Data records section start

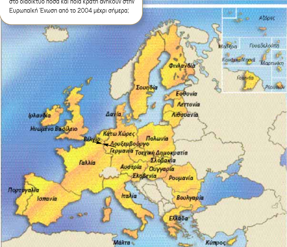
Χάρτης με τα κράτη-μέλη της Ευρωπαϊκής Ένωσης.

-Για δείτε τον χάρτη που σας έφερα και βρείτε στο διαδίκτυο πόσα και ποια κράτη ανήκουν στην Ευρωπαϊκή Ένωση από το 2004 μέχρι σήμερα;
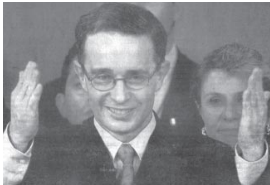
Álvaro Uribe ganó pero se la va a ir borrando la sonrisa apenas empiece a gobernar.

Al consolidarse el Polo Democrático (acuerdo electoral entre el FSyP y los parlamentarios independientes), la figura del líder sindical se catapultó alcanzando el 6,2% de la votación. Este guarismo fue más impactante
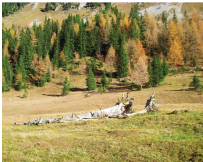
Ambiance d'automne peu après les Anteiennes d'en Haut
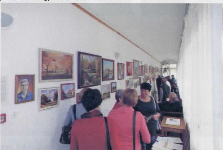
Tóth Ferenc szeghalmi alkotó festményei megtekinthetők és megvásárolhatók a múzeumban

Data records section end

The result is a copy of every line above where the word "κράτη" shows up.

*Output below*
Χάρτης με τα κράτη-μέλη της Ευρωπαϊκής Ένωσης.
-Για δείτε τον χάρτη που σας έφερα και βρείτε στο διαδίκτυο πόσα και ποια κράτη ανήκουν στην Ευρωπαϊκή Ένωση από το 2004 μέχρι σήμερα;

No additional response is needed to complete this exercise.